Friends on a "whale tour" off Kauai have their moment as a Humpack surfaces (within a few feet) next to their catamirand and rises silently to eye level. Eye contact with Mobi Dick. Intelligent, sensitive and enormous. They`ve made the kind of contact that commercial Seaworld perverts. They discover a force of nature and freedom. Contact with something seemingly alien, but probably as special as ourselves?

At that moment I`m busy diving (near Poipu) with Giant Seaturtles and dolphins that inspire another significant "moment". These life forms are adding a peaceful balance to nature that we seem determined to corrupt. This traveler wonders if these creatures are probably as important to conserve as human beings? A crazy notion, but I don`t think we have proved ourselves especially worthy in recent history and maybe in the "Seashepherd Moment" I can help change that? Traveling with these animals is my karmic opportunity to understand possibilities!
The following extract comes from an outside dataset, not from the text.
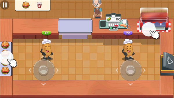 3、合作模式顾名思义则需要两人合作一起完成客人的需求,如图所示:分别移动角色至所指位置,制作食物,相互配合完成订单务。

My dream to save the Ocean and ourselves.

So next I`m in Maui off Kaanapali Beach, snorkeling around the "Black Rock". This is always special with Turtles and the usual fish frenzy close by but now I see something on the sea bottom? Maybe an Eel? I dive to ten feet and whatever was there is now gone, but now I`m hearing the music. Whale songs of the Humpback Whale. Apparently it`s only the males that sing and scientists still don`t understand what it means, but this is some serious Ocean Melody. I go up for air and then back down for more. This performance goes on for 15 minutes and they seem so close. I swim about and look and look? No sign of the elusive humpback that might be close or could be miles away. But listening to this music brings me into his space.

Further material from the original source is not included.